In 1968, Dave (O'Dowd) is a wasted drunk trawling the bars of rural Australia looking for talent. Then he meets three sisters who actually have some: Gail, Cynthia and Julie (Mailman, Tapsell and Mauboy) call themselves the Cummeraganja Songbirds. As aboriginals, they're shunned by bigoted white society, but they want to sing for the troops in Vietnam. So Dave gets them an audition and, joined by their cousin Kay (Sebbens), they head into the war zone renamed the Sapphires.
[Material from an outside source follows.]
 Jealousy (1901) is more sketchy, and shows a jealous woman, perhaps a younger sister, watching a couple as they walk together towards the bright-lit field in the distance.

He also gets them to stop singing country and learn some soul.
A riot of fabulous musical numbers and feisty attitude, the film's trump card is O'Dowd, who adds scruffy, offhanded charm to every scene while generously drawing out strong performances from the cast around him. The bickering relationship between Dave and Gail is involving, despite its predictability, and each of the four women gets her own subplot or two, including a bit of romance. Meanwhile, a steady stream of terrific side characters adds colour and texture, all mixed together with a heavy dose of broad-dry Aussie humour.
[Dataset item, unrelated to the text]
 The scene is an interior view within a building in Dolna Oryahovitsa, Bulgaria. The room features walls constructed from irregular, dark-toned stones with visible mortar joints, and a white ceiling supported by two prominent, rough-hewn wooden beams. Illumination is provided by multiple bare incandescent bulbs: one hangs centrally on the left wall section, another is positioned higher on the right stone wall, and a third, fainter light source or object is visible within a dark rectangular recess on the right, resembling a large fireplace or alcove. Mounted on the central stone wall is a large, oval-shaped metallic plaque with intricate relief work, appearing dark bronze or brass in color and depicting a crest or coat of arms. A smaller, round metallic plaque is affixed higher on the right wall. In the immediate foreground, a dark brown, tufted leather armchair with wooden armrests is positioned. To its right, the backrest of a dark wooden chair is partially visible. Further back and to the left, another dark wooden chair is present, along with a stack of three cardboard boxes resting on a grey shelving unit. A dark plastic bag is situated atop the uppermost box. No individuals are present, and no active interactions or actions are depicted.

As a result, we are fully engaged with the characters when the plot takes its more serious turns into unpredictable war-zone violence as well as the underlying issue of racism at a pivotal moment in both US and Australian history. These elements provide heart-stopping moments that counterbalance the more obvious love stories, which at least develop realistically as battlefield flings rather than cinematic happy ever afters.
But of course the main thing here is the music, and the soulful show-stoppers are simply delightful. Especially when they're performed full-tilt on make-shift stages surrounded by cheering soldiers. Not only does this add a tinge of present-day relevance, but it undergirds the comedy with a remarkably serious sense of life and death, putting the period's racial issues into striking context. It's a very clever little film that wins us over from the start, keeps us laughing and tapping our toes, then sends us out with something to think about.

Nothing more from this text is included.